Hearing loss as one of the most common disabilities approximately over 5% of the world's population – 360 million people – has disabling hearing loss (328 million adults and 32 million children). Recent developments in stem cell technology provide new opportunities for the treatment of deafness. miRNAs are essential factors of an extensively conserved posttranscriptional process controlling gene expression at mRNA level. Various biological processes such as growth and differentiation are regulated by miRNAs. In this review paper we have discussed about the application of miR-183 family and mesenchymal stem cells as a possibility for restoring hearing loss.

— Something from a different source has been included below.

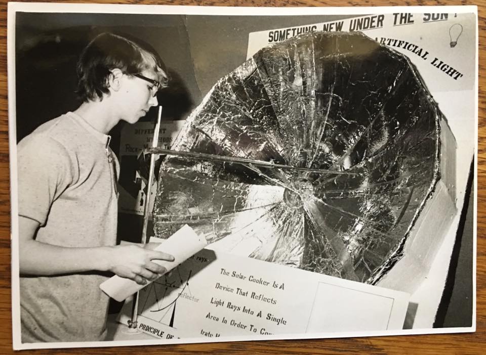 John Mundell as a freshman in high school in 1972 at the Purdue University Regional Science Fair, showing off his homemade solar cooker made out of cardboard and aluminum foil.

In this regards, the web of Science and PubMed databases were searched using the Endnote software for the publications about the application of miR-183 family and mesenchymal stem cells (MSCs) to study hearing loss published from 2000 to 2016. The miR-183 family (miR-183, miR-96, and miR-182) is expressed abundantly in sensory cells in inner ear. miR-183 family is significant for the development and persistence of auditory neurons and hair cell. These four genes, i.e. Sox2, Notch1, Jag1, and Hes1, are potentially the targets of miR-183 family. In studies on animal models such as mouse and zebrafish, the time of Atoh1 expression in the hair cells was found to be the E12/5-E14/5 day, and miR-183 family was reported to begin to express on the E14/5 day. Use of human MSCs in differentiating into hair cells has been investigated, demonstrating that MSCs have neuroregenerative capacity. Cell therapy-targeting regeneration of the auditory neurons and hair cell may therefore be a powerful strategy to cure hearing loss that cannot be reversed by current therapies. A combination of the MSCs, specific growth factors and miR-183 cluster (96-182-183) can increase the potential to differentiate into the auditory neurons and hair cell.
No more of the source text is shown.